Шахта - Александр Плетнёв
Шрифт:
Интервал:
Закладка:
— Я уйду, Николай Степанович. Можно? — попросился.
— Навсегда не советую, — строго отвечал учитель.
До дверей шел и обмирал от стыда за свою солдатскую одежку. Казалось, что Валентина Турова и весь класс только и глядят на его кособокие в пятках кирзачи, на потертые до выбели шаровары и хвостиком торчащую из-под ремня гимнастерку. И ведь думать не думалось до этой минуты, что одет плохо — тело не голое, чего еще надо? — в деревне до девятнадцати лет носил брюки из маскировочной разномастной плащ-палатки, которые сзади глядели «очами» заплаток, а тут целое, в один цвет полотно, и не позаботился хоть какие брючишки купить, рубашку — все деньги в деревню высылал.
Три вечера в школу не заявлялся. Лежал, думал, как найти силы для учебы. И ничего не мог придумать. Из лавы уходить никак нельзя еще года три-четыре — в Чумаковке школа начальная, а братьям и сестре восьмилетку надо заканчивать в Чистоозерной. За десять километров в одних валенках да в одной телогрейке четверых попеременке в школу не переводишь. «Все, — решил, — младших выучить перво-наперво, а там видно будет». Решил. А денег занял, купил первый в своей жизни костюм из толстенного сукна — чтоб подешевле да покрепче — и штапельную рубаху: «Надо... Чего ж, не век в солдатском...»

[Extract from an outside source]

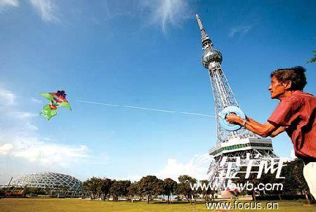 在文華公園,市民正在興致勃勃地放風(fēng)箏

Не сознавался самому себе, что обновки покупал только из-за нее одной, из-за этой девчушки Туровой. И все эти три дня наваливал уголь, а угля не видел — движется, скользит по темным осыпям ее лицо; о далеких ли родных местах думал — и там она: то на опушке березового колка видится, то на берегу Тихонькой сидит; по улицам ходил — и тут, куда ни глянет, о чем ни подумает... Все позаступила, позагородила собой. Нерадостно, больно и тоскливо. И почему-то лезло в голову несуразное, что он ее, настоящую, живую, никогда не встретит, не увидит ни в этом маленьком городке, ни в другом месте, и даже, если пойти в школу, то и там ее не будет — не будет никогда.
И все же в школу он пошел и Валентину там не увидел. «Как думал, так и есть», — отметил для себя, не удивившись. Два урока отсидел для приличия и ушел, чтоб вернуться в эти стены через семь лет.
А в тот вечер он постоял в школьном неосвещенном дворе, обращенном к южной, сопочной окраине города, где в крутом распадке по редким, заглушенным садами огням угадывались жилища, потом вышел через кирпичную калитку, пересек мост через ручей, приближаясь к черноте сопок и устью улицы, из которой — не раз видел, когда Турова для него была никто, — она спускалась к школе в синем плаще и с красным портфелем. У крайнего, глухо уснувшего дома постоял под какими-то могучими деревьями, вглядываясь в белеющую песчаную дорогу улицы, которая где-то вверху, а может, прямо здесь, у подножия сопки, подходила и к ее дому, и опять не поверил себе, что в каком-то из темнеющих домов она теперь живет, реальная.
«Я еще немного жил и работал, а что-то устал», — определил он свое состояние, уходя в общежитие.
Напарника по комнате он не застал, тот был, наверное, в шахте, сел за стол, открыл тетрадь по алгебре и рядом с нерешенным примером записал стихи:
Лишь одного не изживу я:В каком краю, в каком путиЯ потерял тебя, живую,И где теперь тебя найти?В какой траве, в каком тумане?В каких домах, в каких лесах?..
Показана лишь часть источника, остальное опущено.